A Deep Variational Approach to Clustering Survival Data
This addresses the problem of discovering subpopulations with different survival mechanisms in fields like medical imaging, but it is incremental as it builds on existing variational inference and clustering methods.
The paper tackles the problem of clustering survival data, which is challenging and under-explored, by introducing a novel semi-supervised probabilistic approach using a deep generative model; it performs better at identifying clusters and is competitive at predicting survival times in experiments on synthetic and real-world datasets.

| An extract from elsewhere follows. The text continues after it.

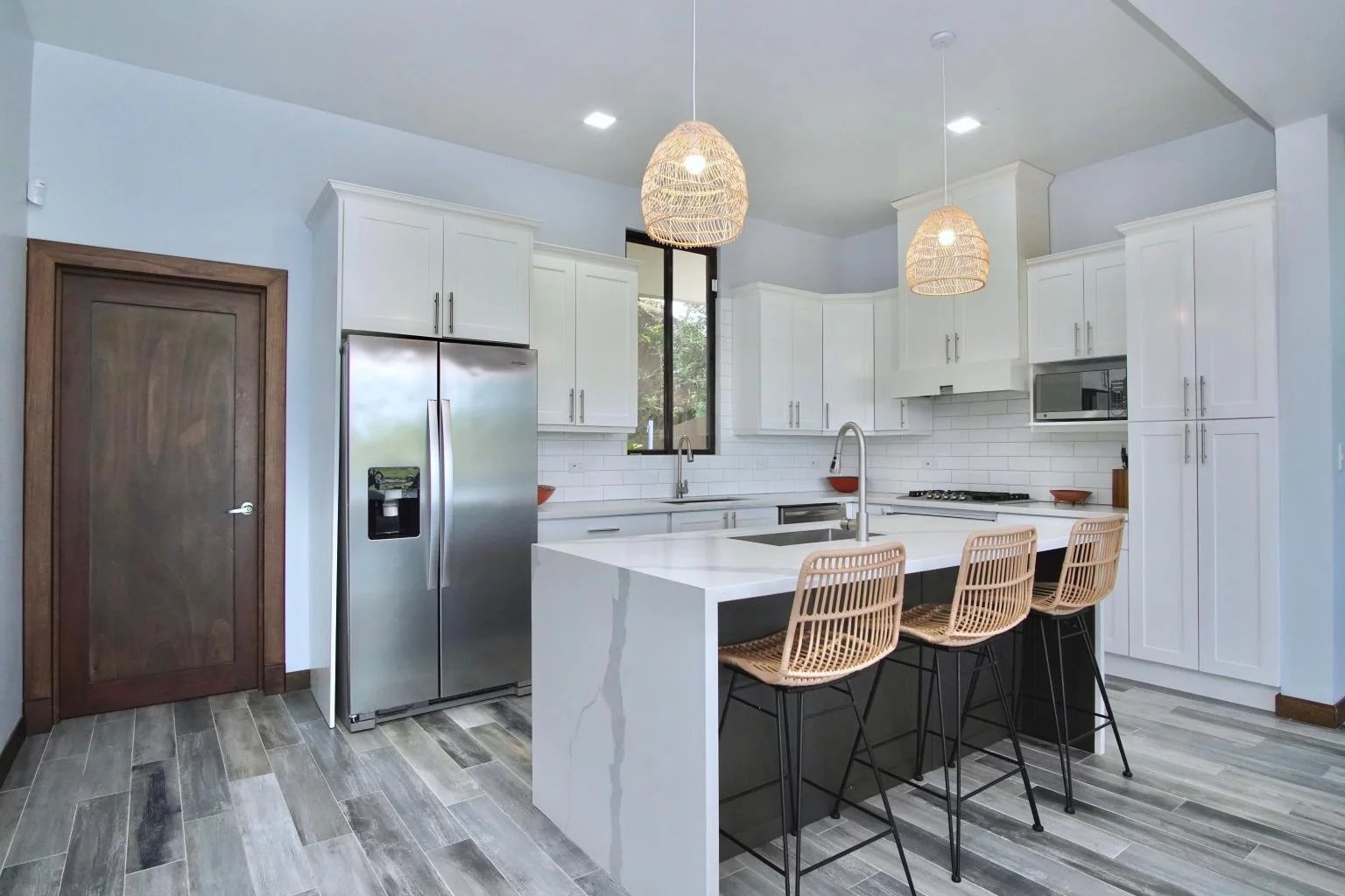 Villa Vista Azul – Une retraite à couper le souffle avec vue sur l’océan dans la prestigieuse communauté fermée de Monte Paraiso, Playa Hermosa ! Cette maison captivante offre une expérience de vie exquise avec ses splendides vues sur l’océan et son design réfléchi. Bénéficiant de 3 chambres et 3,5 salles de bains, cette résidence luxueuse est généreusement spacieuse et méticuleusement conçue qui offre flexibilité et intimité aux invités ou aux revenus locatifs potentiels. Faisant de cette propriété au total 4 chambres, 4,5 salles de bains et 2 cuisines complètes. Entrez dans le salon à aire ouverte qui allie harmonieusement la vie intérieure et extérieure. La vaste terrasse et la piscine accueillante offrent une vue imprenable sur l’océan, créant le cadre idéal pour se divertir et se détendre. La terrasse est équipée d’un barbecue intégré ainsi que de nombreux placards et comptoirs, faisant des repas en plein air une affaire délicieuse. À l’intérieur, la cuisine est le rêve de tout amateur de cuisine, ornée d’appareils électroménagers haut de gamme en acier inoxydable, d’élégantes armoires en bois dur, de comptoirs en granit immaculé et d’un îlot de cuisine pratique.

In this work, we study the problem of clustering survival data $-$ a challenging and so far under-explored task. We introduce a novel semi-supervised probabilistic approach to cluster survival data by leveraging recent advances in stochastic gradient variational inference. In contrast to previous work, our proposed method employs a deep generative model to uncover the underlying distribution of both the explanatory variables and censored survival times. We compare our model to the related work on clustering and mixture models for survival data in comprehensive experiments on a wide range of synthetic, semi-synthetic, and real-world datasets, including medical imaging data. Our method performs better at identifying clusters and is competitive at predicting survival times. Relying on novel generative assumptions, the proposed model offers a holistic perspective on clustering survival data and holds a promise of discovering subpopulations whose survival is regulated by different generative mechanisms.